Segment Open

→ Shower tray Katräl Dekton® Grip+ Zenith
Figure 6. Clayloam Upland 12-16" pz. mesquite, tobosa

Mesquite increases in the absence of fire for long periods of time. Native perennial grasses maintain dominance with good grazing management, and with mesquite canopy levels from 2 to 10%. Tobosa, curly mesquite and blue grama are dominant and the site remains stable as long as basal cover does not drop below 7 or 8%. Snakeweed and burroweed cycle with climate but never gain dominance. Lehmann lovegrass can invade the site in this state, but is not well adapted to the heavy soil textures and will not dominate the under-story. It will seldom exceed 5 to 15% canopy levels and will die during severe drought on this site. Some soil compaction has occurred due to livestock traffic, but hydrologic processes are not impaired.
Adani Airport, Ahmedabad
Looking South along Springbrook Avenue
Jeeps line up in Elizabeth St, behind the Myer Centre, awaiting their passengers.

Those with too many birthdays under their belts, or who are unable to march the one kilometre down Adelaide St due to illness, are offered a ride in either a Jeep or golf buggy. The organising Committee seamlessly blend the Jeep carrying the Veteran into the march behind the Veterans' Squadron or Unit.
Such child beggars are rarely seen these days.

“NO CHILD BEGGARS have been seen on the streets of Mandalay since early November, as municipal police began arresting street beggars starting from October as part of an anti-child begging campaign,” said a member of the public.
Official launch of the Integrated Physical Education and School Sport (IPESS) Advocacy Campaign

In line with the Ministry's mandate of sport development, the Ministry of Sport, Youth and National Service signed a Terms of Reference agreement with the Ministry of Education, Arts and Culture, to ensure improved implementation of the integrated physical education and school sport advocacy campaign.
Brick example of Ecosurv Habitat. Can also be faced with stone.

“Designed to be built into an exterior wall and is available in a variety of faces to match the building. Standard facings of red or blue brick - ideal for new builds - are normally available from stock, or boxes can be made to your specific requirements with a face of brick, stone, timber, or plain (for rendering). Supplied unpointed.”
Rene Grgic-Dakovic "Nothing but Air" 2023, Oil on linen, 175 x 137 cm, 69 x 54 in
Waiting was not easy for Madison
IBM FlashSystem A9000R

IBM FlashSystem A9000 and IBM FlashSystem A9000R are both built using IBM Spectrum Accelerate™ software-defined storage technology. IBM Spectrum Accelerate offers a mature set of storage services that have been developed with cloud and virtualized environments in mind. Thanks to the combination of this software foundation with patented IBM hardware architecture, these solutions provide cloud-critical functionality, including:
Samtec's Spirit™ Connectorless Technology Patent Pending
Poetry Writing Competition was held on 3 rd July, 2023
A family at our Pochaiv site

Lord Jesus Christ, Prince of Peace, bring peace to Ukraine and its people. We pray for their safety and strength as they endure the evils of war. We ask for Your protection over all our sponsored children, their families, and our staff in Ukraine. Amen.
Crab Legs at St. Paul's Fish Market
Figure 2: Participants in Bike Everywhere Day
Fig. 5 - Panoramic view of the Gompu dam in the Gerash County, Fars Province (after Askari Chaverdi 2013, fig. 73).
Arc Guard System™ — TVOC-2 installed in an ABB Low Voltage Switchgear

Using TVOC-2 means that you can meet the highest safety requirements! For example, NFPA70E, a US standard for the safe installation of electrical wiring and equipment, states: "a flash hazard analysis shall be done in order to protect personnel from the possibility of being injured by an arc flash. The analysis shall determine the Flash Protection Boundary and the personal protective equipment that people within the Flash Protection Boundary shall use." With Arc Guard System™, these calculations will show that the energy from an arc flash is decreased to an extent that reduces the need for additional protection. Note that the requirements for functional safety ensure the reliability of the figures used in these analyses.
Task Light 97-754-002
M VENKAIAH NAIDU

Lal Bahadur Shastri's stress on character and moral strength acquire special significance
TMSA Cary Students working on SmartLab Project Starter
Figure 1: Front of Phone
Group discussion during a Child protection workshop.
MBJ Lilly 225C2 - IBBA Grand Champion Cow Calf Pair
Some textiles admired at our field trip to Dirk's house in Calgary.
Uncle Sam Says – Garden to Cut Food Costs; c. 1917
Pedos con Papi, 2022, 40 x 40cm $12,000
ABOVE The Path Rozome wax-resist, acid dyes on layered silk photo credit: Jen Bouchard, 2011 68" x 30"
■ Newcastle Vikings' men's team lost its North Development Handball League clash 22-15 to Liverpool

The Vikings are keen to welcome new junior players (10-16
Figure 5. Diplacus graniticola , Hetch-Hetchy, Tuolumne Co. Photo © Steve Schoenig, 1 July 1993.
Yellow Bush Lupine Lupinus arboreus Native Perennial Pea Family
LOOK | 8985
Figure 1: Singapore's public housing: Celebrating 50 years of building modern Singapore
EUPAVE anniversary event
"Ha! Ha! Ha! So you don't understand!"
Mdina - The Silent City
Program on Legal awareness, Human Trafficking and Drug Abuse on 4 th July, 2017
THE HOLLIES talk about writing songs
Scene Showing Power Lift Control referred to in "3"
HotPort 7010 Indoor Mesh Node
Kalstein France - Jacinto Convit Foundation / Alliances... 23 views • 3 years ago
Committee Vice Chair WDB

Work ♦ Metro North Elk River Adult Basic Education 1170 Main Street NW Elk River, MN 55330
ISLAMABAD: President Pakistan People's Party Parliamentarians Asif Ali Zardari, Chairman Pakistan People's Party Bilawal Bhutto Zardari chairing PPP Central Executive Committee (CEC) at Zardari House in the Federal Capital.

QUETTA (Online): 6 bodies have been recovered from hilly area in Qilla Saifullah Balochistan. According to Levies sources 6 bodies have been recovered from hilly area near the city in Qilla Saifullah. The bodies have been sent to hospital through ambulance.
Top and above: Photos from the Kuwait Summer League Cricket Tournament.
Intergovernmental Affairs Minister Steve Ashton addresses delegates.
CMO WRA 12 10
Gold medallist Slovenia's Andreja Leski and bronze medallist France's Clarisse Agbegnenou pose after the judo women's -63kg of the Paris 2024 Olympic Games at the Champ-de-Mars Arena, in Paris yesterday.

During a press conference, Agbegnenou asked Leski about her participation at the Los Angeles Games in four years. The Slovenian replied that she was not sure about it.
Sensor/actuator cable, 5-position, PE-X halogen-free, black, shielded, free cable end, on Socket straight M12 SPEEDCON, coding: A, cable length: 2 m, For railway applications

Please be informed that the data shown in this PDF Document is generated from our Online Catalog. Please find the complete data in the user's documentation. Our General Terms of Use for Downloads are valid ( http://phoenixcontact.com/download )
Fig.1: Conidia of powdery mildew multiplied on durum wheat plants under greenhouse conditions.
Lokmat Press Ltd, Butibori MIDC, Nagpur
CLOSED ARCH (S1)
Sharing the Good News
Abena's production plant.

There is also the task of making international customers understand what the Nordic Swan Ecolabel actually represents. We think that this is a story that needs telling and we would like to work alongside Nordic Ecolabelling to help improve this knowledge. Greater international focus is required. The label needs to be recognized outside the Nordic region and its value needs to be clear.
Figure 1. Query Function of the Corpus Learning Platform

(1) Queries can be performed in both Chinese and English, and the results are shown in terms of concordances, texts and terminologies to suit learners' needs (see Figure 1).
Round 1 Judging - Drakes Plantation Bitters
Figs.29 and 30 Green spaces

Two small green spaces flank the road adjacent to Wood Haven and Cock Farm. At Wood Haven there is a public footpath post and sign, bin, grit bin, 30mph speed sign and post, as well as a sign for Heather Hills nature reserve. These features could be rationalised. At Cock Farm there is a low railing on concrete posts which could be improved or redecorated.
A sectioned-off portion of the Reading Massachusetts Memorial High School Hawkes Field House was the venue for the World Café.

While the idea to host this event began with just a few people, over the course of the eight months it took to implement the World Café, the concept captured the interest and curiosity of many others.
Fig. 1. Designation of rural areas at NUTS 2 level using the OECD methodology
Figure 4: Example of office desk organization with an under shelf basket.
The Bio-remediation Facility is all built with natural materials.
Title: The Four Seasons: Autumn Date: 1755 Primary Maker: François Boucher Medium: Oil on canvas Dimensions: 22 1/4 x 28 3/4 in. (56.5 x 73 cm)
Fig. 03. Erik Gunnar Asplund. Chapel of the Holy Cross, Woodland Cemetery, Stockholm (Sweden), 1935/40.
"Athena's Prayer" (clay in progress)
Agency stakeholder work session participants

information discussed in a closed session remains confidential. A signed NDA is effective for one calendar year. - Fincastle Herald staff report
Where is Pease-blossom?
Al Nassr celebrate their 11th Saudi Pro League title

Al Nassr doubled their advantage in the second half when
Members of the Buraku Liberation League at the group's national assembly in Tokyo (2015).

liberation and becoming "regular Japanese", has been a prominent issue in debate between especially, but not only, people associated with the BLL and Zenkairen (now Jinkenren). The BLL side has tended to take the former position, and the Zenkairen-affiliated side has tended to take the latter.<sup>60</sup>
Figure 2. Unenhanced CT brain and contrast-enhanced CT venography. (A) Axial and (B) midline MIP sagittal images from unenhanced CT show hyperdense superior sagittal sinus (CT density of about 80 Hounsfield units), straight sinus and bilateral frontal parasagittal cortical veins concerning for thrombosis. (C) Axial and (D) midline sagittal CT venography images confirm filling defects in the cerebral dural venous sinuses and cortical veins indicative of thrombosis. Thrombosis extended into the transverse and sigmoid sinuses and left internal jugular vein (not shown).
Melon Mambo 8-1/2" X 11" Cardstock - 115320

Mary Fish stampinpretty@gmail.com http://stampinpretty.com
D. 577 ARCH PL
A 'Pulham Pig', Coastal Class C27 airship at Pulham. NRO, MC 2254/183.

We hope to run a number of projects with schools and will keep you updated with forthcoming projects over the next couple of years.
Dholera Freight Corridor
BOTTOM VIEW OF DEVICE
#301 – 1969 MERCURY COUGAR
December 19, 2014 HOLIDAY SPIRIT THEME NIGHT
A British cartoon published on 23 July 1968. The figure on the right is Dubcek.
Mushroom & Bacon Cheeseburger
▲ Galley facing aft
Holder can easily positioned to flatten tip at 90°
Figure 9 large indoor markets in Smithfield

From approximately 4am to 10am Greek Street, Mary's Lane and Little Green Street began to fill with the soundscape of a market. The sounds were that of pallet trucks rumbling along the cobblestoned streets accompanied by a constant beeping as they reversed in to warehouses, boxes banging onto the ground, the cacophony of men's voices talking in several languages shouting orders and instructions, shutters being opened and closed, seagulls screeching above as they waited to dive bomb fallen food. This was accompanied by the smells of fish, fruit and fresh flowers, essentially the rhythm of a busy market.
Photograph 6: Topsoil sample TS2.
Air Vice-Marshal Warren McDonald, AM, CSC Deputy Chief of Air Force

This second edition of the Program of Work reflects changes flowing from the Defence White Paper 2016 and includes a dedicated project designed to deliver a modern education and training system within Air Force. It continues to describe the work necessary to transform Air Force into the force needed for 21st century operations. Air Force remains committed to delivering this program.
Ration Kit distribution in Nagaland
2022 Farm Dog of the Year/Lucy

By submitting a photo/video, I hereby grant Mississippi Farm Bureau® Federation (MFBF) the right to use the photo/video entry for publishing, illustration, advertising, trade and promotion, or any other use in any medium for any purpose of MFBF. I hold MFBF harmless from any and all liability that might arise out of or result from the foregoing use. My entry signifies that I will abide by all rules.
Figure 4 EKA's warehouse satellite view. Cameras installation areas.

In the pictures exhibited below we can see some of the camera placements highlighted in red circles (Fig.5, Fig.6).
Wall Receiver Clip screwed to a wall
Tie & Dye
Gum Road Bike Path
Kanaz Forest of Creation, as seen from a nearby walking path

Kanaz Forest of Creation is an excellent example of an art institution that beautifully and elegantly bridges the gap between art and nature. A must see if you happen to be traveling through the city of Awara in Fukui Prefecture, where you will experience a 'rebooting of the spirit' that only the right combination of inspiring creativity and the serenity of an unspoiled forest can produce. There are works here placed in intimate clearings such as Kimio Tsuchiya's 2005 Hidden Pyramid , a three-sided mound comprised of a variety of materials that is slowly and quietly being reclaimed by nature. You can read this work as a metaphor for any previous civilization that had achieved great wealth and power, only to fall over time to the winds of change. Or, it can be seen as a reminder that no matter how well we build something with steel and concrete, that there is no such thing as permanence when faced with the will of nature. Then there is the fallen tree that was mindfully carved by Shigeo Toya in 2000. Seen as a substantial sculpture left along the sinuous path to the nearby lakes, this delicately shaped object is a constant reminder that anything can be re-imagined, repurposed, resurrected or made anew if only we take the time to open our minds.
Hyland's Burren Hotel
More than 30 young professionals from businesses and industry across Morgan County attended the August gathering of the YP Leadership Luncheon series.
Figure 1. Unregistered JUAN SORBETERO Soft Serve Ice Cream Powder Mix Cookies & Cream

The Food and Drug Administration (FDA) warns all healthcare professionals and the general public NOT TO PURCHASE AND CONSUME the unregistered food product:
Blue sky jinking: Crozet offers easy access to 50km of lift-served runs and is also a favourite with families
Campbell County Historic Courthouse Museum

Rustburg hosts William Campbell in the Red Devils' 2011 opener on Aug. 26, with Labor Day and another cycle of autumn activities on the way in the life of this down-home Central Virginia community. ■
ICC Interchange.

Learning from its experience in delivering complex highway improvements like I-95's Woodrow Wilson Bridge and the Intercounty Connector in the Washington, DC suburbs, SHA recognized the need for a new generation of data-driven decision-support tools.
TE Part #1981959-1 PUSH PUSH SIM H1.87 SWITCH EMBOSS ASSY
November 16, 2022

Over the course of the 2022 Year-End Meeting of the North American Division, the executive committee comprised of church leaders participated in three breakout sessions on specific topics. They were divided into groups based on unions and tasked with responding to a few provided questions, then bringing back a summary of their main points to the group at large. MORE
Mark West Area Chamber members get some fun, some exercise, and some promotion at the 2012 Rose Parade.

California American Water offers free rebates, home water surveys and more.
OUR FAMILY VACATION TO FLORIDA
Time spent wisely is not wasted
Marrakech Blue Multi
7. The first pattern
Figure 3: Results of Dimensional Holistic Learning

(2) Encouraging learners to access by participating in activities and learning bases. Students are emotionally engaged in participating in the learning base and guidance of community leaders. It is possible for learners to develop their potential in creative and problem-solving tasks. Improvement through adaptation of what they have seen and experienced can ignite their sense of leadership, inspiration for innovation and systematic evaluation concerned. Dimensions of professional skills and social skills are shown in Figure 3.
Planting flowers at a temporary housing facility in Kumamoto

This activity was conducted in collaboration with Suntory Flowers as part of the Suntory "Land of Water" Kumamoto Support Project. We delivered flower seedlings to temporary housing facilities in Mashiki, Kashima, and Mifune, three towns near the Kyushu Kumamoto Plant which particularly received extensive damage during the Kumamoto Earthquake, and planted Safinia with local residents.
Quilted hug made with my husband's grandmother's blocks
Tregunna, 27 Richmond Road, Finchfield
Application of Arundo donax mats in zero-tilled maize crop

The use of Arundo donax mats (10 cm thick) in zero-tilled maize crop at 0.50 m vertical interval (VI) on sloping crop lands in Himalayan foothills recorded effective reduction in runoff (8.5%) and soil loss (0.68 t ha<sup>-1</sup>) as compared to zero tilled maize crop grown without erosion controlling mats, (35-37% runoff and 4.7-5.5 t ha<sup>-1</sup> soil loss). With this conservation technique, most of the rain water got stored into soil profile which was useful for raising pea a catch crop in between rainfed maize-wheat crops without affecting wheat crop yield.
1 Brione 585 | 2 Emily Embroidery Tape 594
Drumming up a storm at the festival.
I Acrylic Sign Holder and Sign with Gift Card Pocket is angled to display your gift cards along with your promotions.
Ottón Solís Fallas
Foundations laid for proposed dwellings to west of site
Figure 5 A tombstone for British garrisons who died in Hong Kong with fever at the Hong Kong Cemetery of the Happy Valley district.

Segment Closed

*Description of the task*: Would you print exactly and only the lines of the material above that run from the line with "The Vikings are" through the line with "Gold medallist Slovenia's", both included?

*Response to this exercise*:
The Vikings are keen to welcome new junior players (10-16
Figure 5. Diplacus graniticola , Hetch-Hetchy, Tuolumne Co. Photo © Steve Schoenig, 1 July 1993.
Yellow Bush Lupine Lupinus arboreus Native Perennial Pea Family
LOOK | 8985
Figure 1: Singapore's public housing: Celebrating 50 years of building modern Singapore
EUPAVE anniversary event
"Ha! Ha! Ha! So you don't understand!"
Mdina - The Silent City
Program on Legal awareness, Human Trafficking and Drug Abuse on 4 th July, 2017
THE HOLLIES talk about writing songs
Scene Showing Power Lift Control referred to in "3"
HotPort 7010 Indoor Mesh Node
Kalstein France - Jacinto Convit Foundation / Alliances... 23 views • 3 years ago
Committee Vice Chair WDB

Work ♦ Metro North Elk River Adult Basic Education 1170 Main Street NW Elk River, MN 55330
ISLAMABAD: President Pakistan People's Party Parliamentarians Asif Ali Zardari, Chairman Pakistan People's Party Bilawal Bhutto Zardari chairing PPP Central Executive Committee (CEC) at Zardari House in the Federal Capital.

QUETTA (Online): 6 bodies have been recovered from hilly area in Qilla Saifullah Balochistan. According to Levies sources 6 bodies have been recovered from hilly area near the city in Qilla Saifullah. The bodies have been sent to hospital through ambulance.
Top and above: Photos from the Kuwait Summer League Cricket Tournament.
Intergovernmental Affairs Minister Steve Ashton addresses delegates.
CMO WRA 12 10
Gold medallist Slovenia's Andreja Leski and bronze medallist France's Clarisse Agbegnenou pose after the judo women's -63kg of the Paris 2024 Olympic Games at the Champ-de-Mars Arena, in Paris yesterday.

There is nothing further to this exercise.